SUPPLIED INFORMATION:
=== Section Start ===

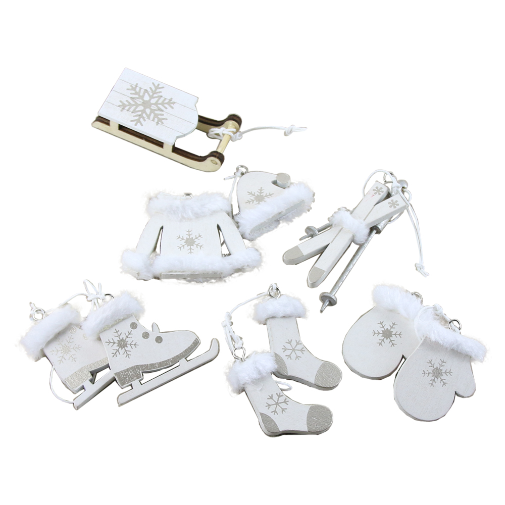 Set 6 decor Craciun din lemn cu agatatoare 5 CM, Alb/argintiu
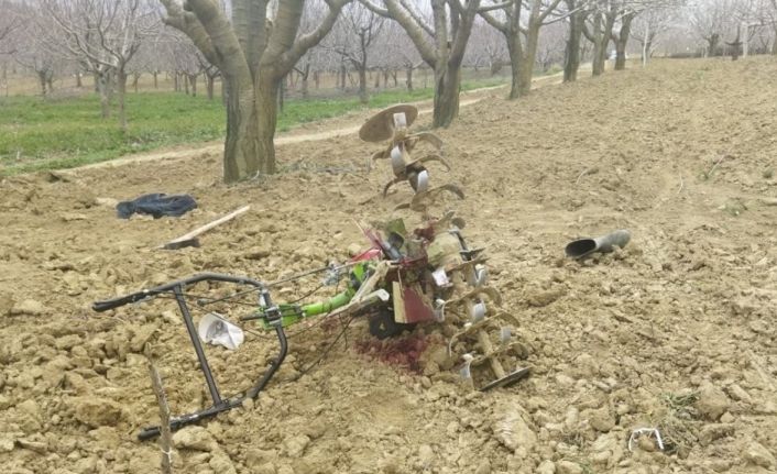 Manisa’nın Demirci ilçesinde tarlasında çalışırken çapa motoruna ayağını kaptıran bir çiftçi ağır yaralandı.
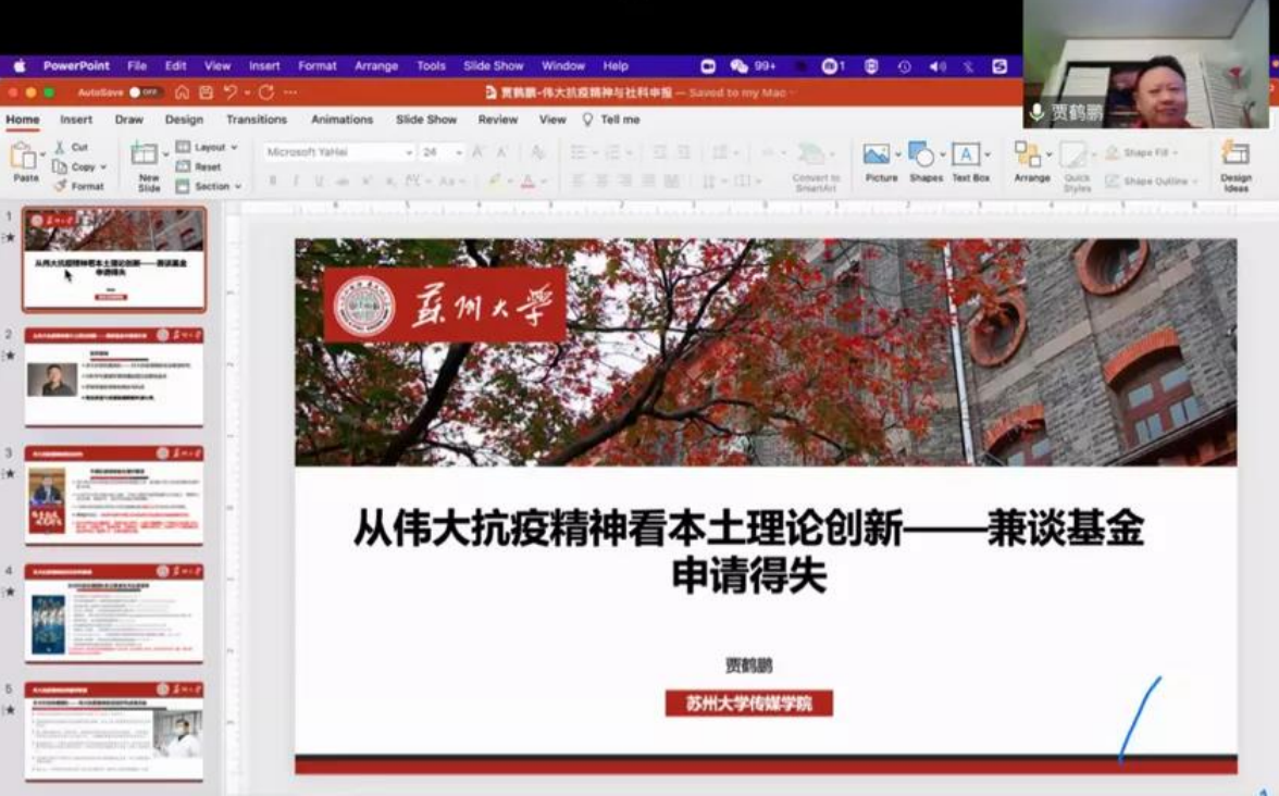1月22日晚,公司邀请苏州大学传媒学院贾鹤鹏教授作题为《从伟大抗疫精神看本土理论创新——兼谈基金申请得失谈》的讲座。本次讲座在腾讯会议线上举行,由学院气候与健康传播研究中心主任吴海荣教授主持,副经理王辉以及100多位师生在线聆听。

=== Section End ===

TASK GOAL:
Write out the whole listing above exactly; do not include the pictures.

REPLY TO THE EXERCISE:
 Set 6 decor Craciun din lemn cu agatatoare 5 CM, Alb/argintiu
 Manisa’nın Demirci ilçesinde tarlasında çalışırken çapa motoruna ayağını kaptıran bir çiftçi ağır yaralandı.
1月22日晚,公司邀请苏州大学传媒学院贾鹤鹏教授作题为《从伟大抗疫精神看本土理论创新——兼谈基金申请得失谈》的讲座。本次讲座在腾讯会议线上举行,由学院气候与健康传播研究中心主任吴海荣教授主持,副经理王辉以及100多位师生在线聆听。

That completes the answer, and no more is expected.